The group should have been poised to capitalize on the Alternative genre they helped create. But Kelley Deal's drug problems kept the band from ever recording a follow up. Nine years later, the Deals finally put their personal struggles at bay long enough to record that follow up. While the resulting record, Title TK , is not the breath of fresh air that Last Splash was, the group has nevertheless maintained its sense of playfulness.

Off the bat, the Deals play with their own struggles, "Ah I will sing/ Title TK/ If I don't black out."

The Breeders' music mixes the Deals' charming off-kilter vocals over buzzing guitars and songs that change tempo, stopping and starting, without ever losing the melody. That the lyrics are largely nonsensical only adds to the charm. Although their voices sound more worn this time around, that formula remains, and it still works well.

Nothing stands out quite the way "Cannonball" did, but there are some great singles waiting for airplay, especially "Full On Idle," and "Huffer," with its wonderfully mindless chorus of das, tas, nas and ahs. Perhaps you'll hear them driving around this summer.

Joe Tarr

Eminem
The Eminem Show (Aftermath)

OK, how weird is this? The number one album in the United States of America at this very moment begins with a song called "White America" in which the protagonist—a white boy named Eminem, a.k.a. Slim Shady, né Marshall Mathers—muses about the role racism has played in his success ("Look at these eyes, baby blue, baby just like yourself.../Look at the sales/Let's do the math, if I was black, I would've sold half"), pledges his allegiance to the First Amendment ("The women and men who have broke their necks for the freedom of speech the United States government has sworn to uphold/ Or so we are told") and threatens to lead an army of disaffected youth on Washington ("The ringleader of this circus of worthless pawns/ Sent to lead the march right up to the steps of Congress/ And piss on the lawns of the White House...To spit liquor in the face of this democracy of hypocrisy").

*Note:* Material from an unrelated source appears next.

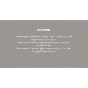 Nakon završetka rutine nege kože i nanošenja podloge, nanesite malu količinu rumenila na jagodice koristeći prste, četkicu ili sunđer. Lagano utapkajte i blendajte prema slepoočnicama za prirodan izgled. Za intenzivniji efekat, nanesite dodatni sloj. Proizvod se brzo suši, pa ga blendajte odmah nakon nanošenja

Later, he declares himself "no friend of Bush," and says he's here "with a plan to ambush this Bush administration, mush the Senate's face in and push this generation/ of kids to stand and fight for the right to say something you might not like." He worries about those kids a lot, apparently, warning them "...All this terror, America demands action, next thing you know you've got Uncle Sam's ass askin'/ to join the Army or what you'll do for their Navy/ You just a baby, gettin' recruited at eighteen."

Of course, most of the album is taken up with what is by now standard fare for Eminem: his grievances against his mother, his ex-wife, and the media; his love for his young daughter Hailie, who appears on one track giggling, "I think my dad's gone crazy"; and his, uh, complicated attitudes toward women and gays (he still says "faggot," but he also jokes about having sex with his producer/mentor Dr. Dre and brags about his duet with Elton John at the Grammys; and in the lead-off single, "Without Me," he boasts, "I'm back, I'm on the rag and I'm ovulating"—not exactly standard macho rap bluster).

All of which is to say that, three albums in, Eminem is still a very confused and confusing guy. The beats don't bounce quite as well this time (maybe because Dre only produced two tracks), and as before, there's plenty of filler. But the speed-talking kid with the high-decibel whine still rhymes so energetically, and spikes his rants with so much wacko comic invention, that often the only possible response is to shake your head and move your ass. And his sheer willingness to piss off anyone (he makes fun of Dick Cheney's heart condition, fer cryin' out loud) almost counts as a political act here in John Ashcroft's America.

The voice of a generation? I dunno. But someone's sure as hell buying it.